For infectious diseases where the pathogen replicates outside the final host (i.e. in the environment or an intermediate host or vector), climate factors can have a direct impact on the development of the pathogen. Most viruses, bacteria and parasites do not replicate below a certain temperature threshold (e.g. 18 ºC for the malaria parasite Plasmodium falciparum and 20 ºC for the Japanese encephalitis virus; Macdonald 1957, Mellor and Leake 2000). Ambient temperature increases above this threshold will shorten the development time of the pathogen.

Disease vectors

The geographical distribution and development rate of insect vectors is strongly related to temperature, rainfall and humidity. A rise in temperature accelerates the insect metabolic rate, increases egg production and makes blood feeding more frequent (e.g. Mellor and Leake 2000). The influence of rainfall also is significant, although less easy to predict. Rainfall has an indirect effect on vector longevity through its effect on humidity; relatively wet conditions may create favourable insect habitats, thereby increasing the geographical distribution and seasonal abundance of disease vectors. In other cases excess rainfall may have catastrophic effects on local vector populations if flooding washes away breeding sites.
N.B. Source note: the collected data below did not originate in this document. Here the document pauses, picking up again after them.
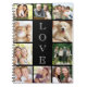 Un cuaderno negro de fotomontaje. Puedes personalizar con diez fotos. "AMOR" está escrito verticalmente en el medio en tipografía blanca abierta sobre un fondo negro.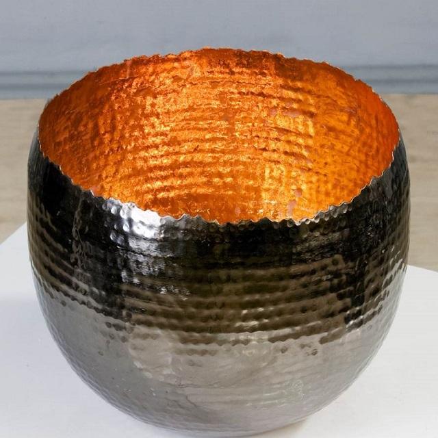 Cuenco para velas de té negro y cobre interior, material de cobre, cuencos de iluminación únicos y elegantes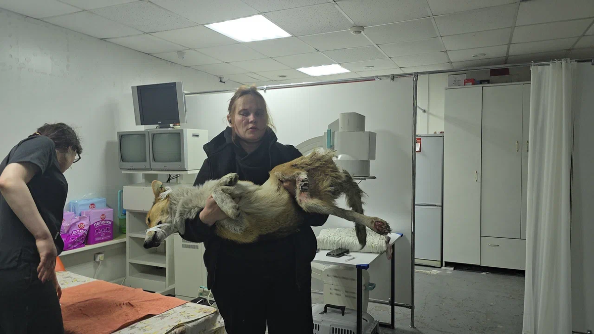Апреля в любом случае нужно было везти в клинику. Ужасные раны на его задних лапках срочно нужно было обработать, да и в целом, сделать УЗИ и посмотреть, какие ещё последствия жизни в этом аду есть у пёсика. Оказалось, что у него воспалительный процесс в мочевом пузыре.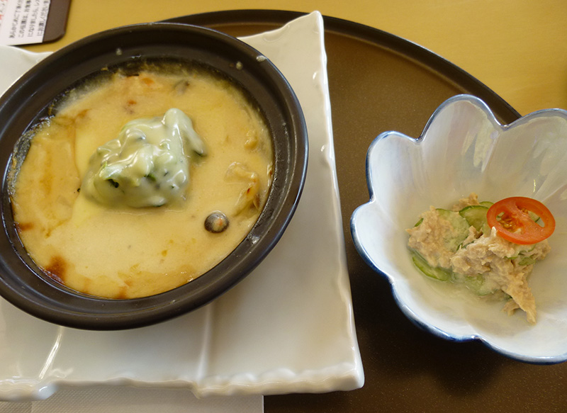 これが私の注文した海老グラタン(と「きゅうりとツナマヨ和え」の小鉢)。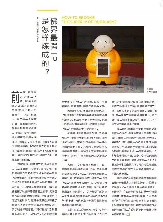 前一阵,杨澜采访了贤二法师,这是《杨澜访谈录》开播16年来首位“非人类嘉宾”—贤二机器人。贤二是一个呆萌可爱、身着黄袍的小弥乐外形的智能机器人,他与Siri的不同之处大概在于他擅长诵佛经、播佛乐。这不是贤二机器人与媒体的首次碰撞,2016年贤二机器人就出任了凤凰新闻客户端CWO“首席智慧官”,并且办了入职手续,拥有了“史上最萌高管”的称号。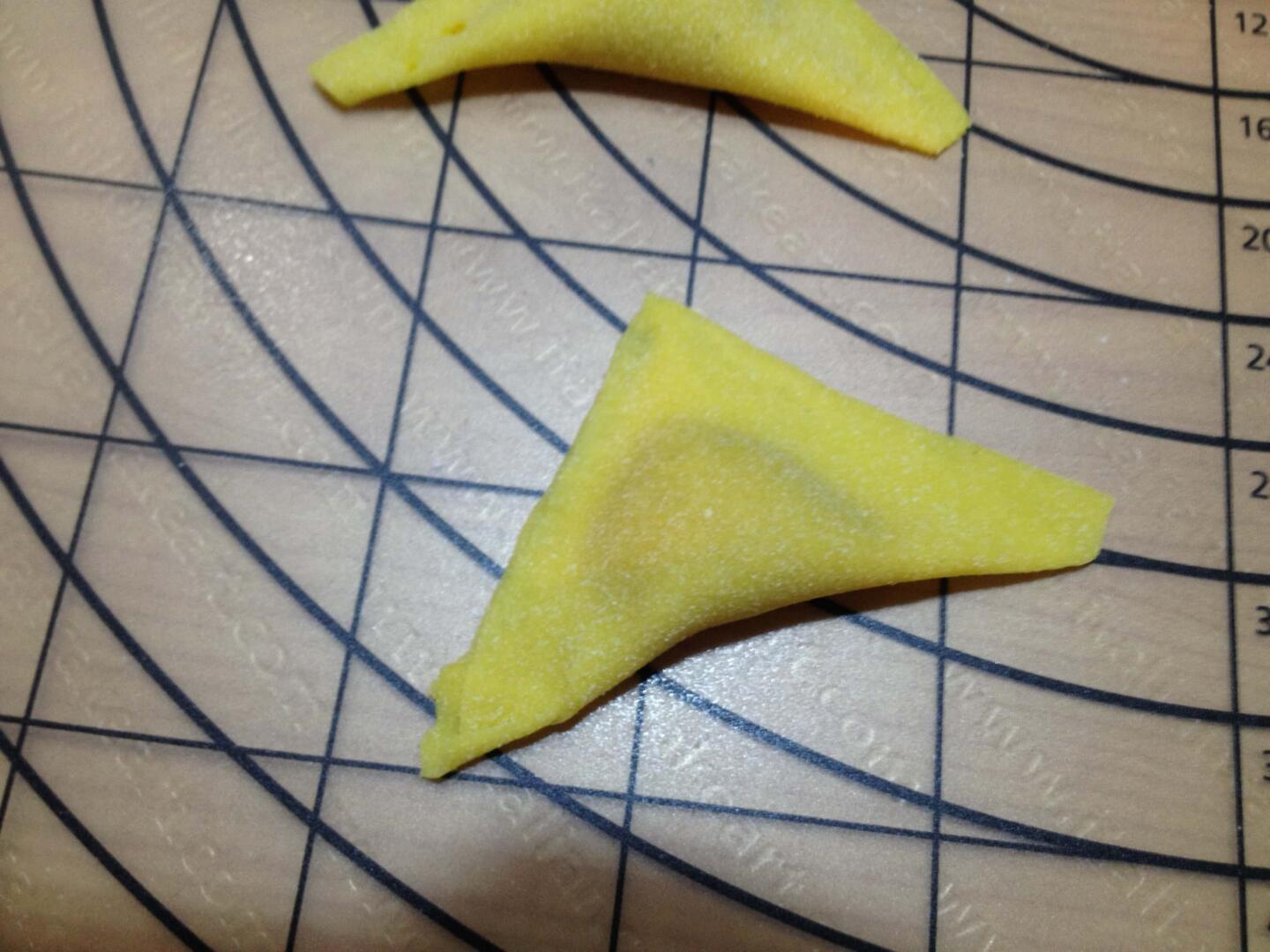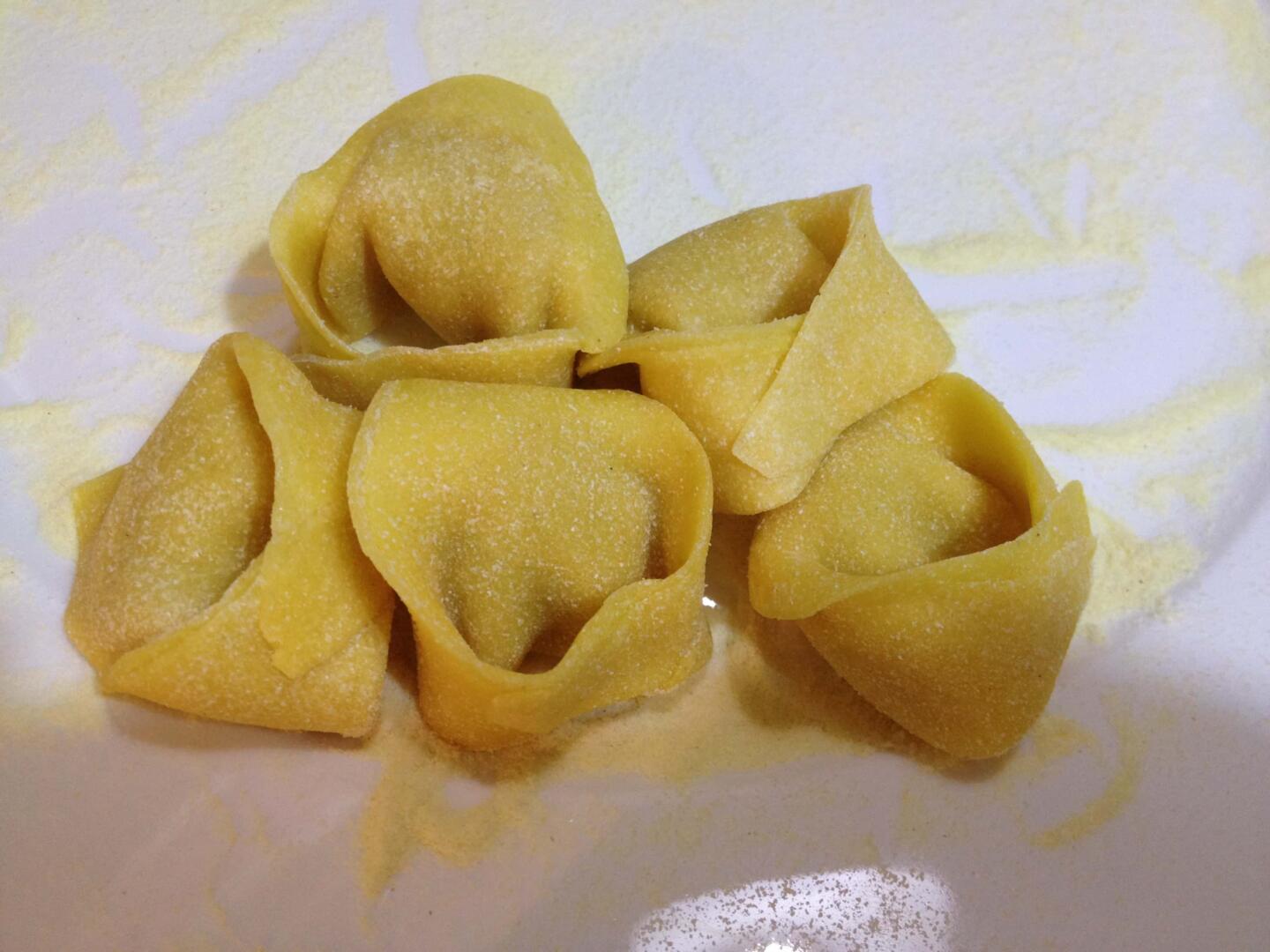 Tirate la sfoglia fine, deve risultare trasparente (foto 5 – 6). Ritagliate dei quadrati che abbiano il lato di 4-5 cm utilizzando una rotellina tagliapasta e disponete al centro di ciascuno un cucchiaino di ripieno (foto 7), chiudete la pasta a triangolo per realizzare i cappellacci (foto 8), premendo lungo gli orli per saldarla, quindi ripiegatela a tortello e fate in modo che i bordi aderiscano bene per tenere chiusi i cappellacci (foto 9). Fateli riposare su una superficie infarinata fino al momento della cottura in modo che non si attacchino.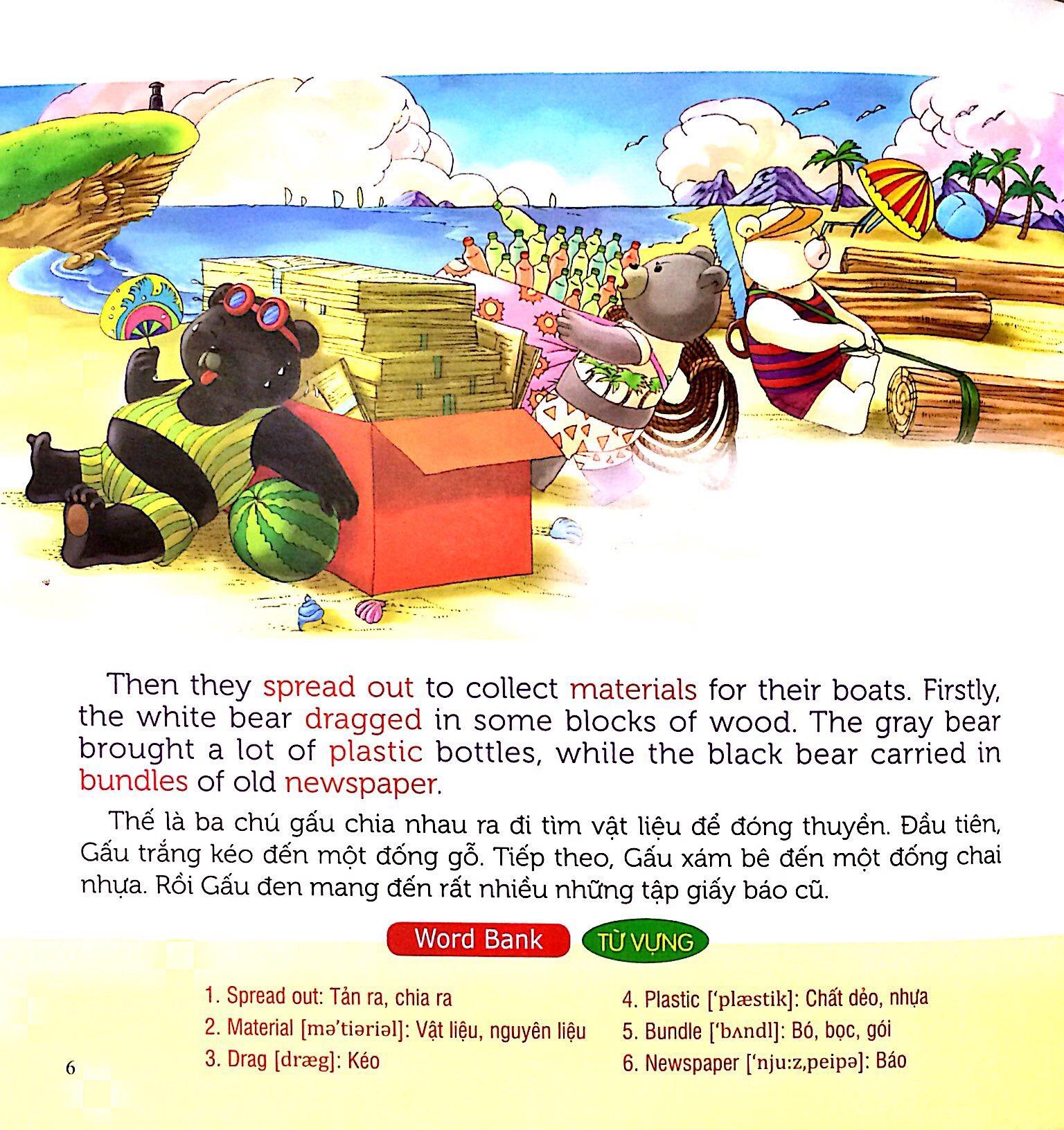 Bộ sách Truyện tranh song ngữ Anh – Việt gồm 10 cuốn với 20 câu chuyện. Các câu chuyện có độ dài vừa phải, số lượng từ vựng được đưa vào phù hợp, ngôn ngữ kể chuyện hấp dẫn và tranh vẽ sinh động đẹp mắt, giúp trẻ dễ dàng thẩm thấu và dần hoàn thiện, làm giàu vốn tiếng Việt cũng như tiếng Anh một cách tự nhiên và hiệu quả.

Even where linkages between disease and climate are relatively strong, other non-climatic factors also may have a significant impact on the timing and severity of disease outbreaks. One such factor is population vulnerability (e.g. influenced by herd immunity and malnutrition). In Kenya, for example, Shanks et al. (2000) have argued that malaria epidemics in the western highlands may occur only when the non-immune proportion of the population has grown by recovery, births and immigration because local children surviving to adulthood develop immunity. When developing an EWS, factors influencing the population dynamics of the pathogen (e.g. drug resistance) also may have to be considered. Human-related factors such as population movements and agricultural practices also can have considerable impact on disease patterns at various spatial scales. For example, the prevalence of malaria and leishmaniasis sometimes is strongly related to irrigation schemes and deforestation (e.g. Campbell-Lendrum et al. 2001, Guthmann et al. 2002). Arguably, the importance of non-climatic factors should be assessed and compared to that of climate variability in order to justify the development of climate-based EWS for infectious diseases. The relative contributions of climatic and non-climatic risk factors in explaining temporal variability in disease incidence will, to a large degree, determine the practical utility of a climate-based EWS.